====== Dataset content

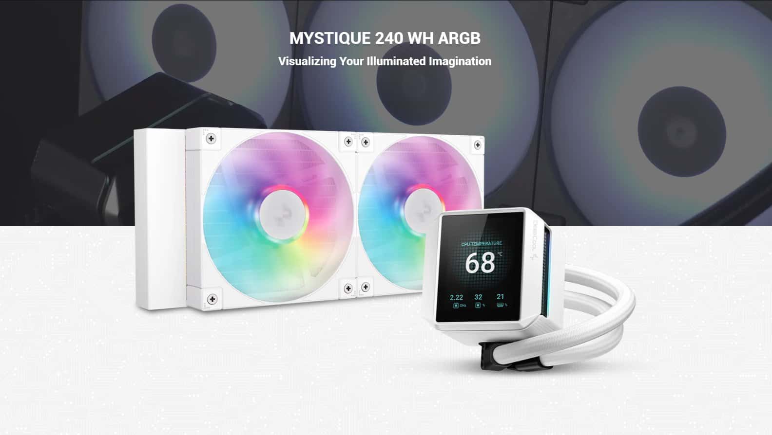 - The Deepcool Mystique 240 White ARGB is DeepCool’s latest addition to the flagship line of liquid coolers with highly sought-after customizable LCD screens. Bring your creative style to life with customized images and animated gifs on the brilliant 2.8″ TFT LCD screen! The MYSTIQUE ARGB line has been outfitted with a new set of vivid ARGB fans.
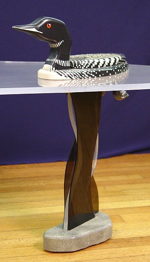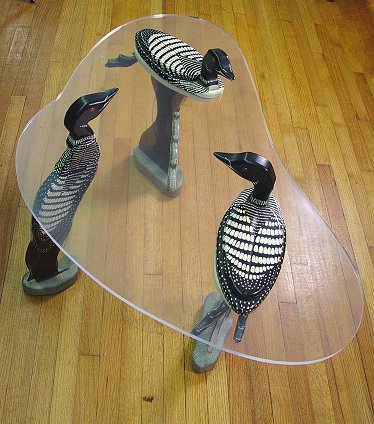 FOLK ART DUCK COFFEE TABLE: Lucite ''pond'' table base with ducks. Purchased at a market in Danbury CT. 26''h. x 48'' x 25 1/2''.
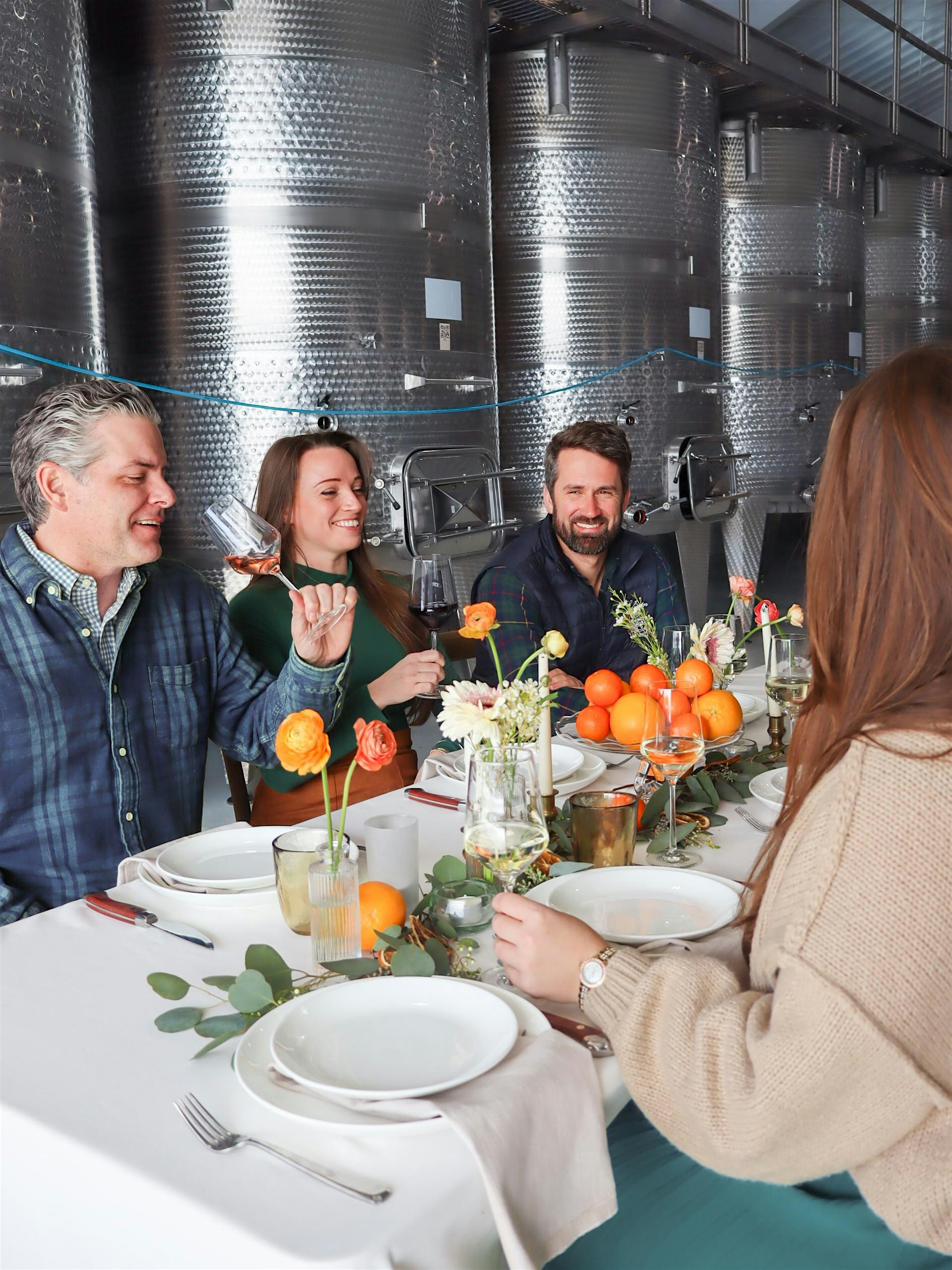 For one night only, we’re opening the doors to our tank bay for an intimate five-course, six-wine paired dinner. The evening begins with a welcome pour and passed canapés in the barrel room before guiding you behind the scenes of the cellar for a rare, immersive dining experience among the tanks. Thoughtfully curated pairings, seasonal flavors, and an unforgettable setting—this is a night at the vineyard you won’t want to miss.

============

Activity
What you return should be the exact lines from the one containing "FOLK ART DUCK" through the end of the listing above, both included, minus any pictures.

Response to the exercise
 FOLK ART DUCK COFFEE TABLE: Lucite ''pond'' table base with ducks. Purchased at a market in Danbury CT. 26''h. x 48'' x 25 1/2''.
 For one night only, we’re opening the doors to our tank bay for an intimate five-course, six-wine paired dinner. The evening begins with a welcome pour and passed canapés in the barrel room before guiding you behind the scenes of the cellar for a rare, immersive dining experience among the tanks. Thoughtfully curated pairings, seasonal flavors, and an unforgettable setting—this is a night at the vineyard you won’t want to miss.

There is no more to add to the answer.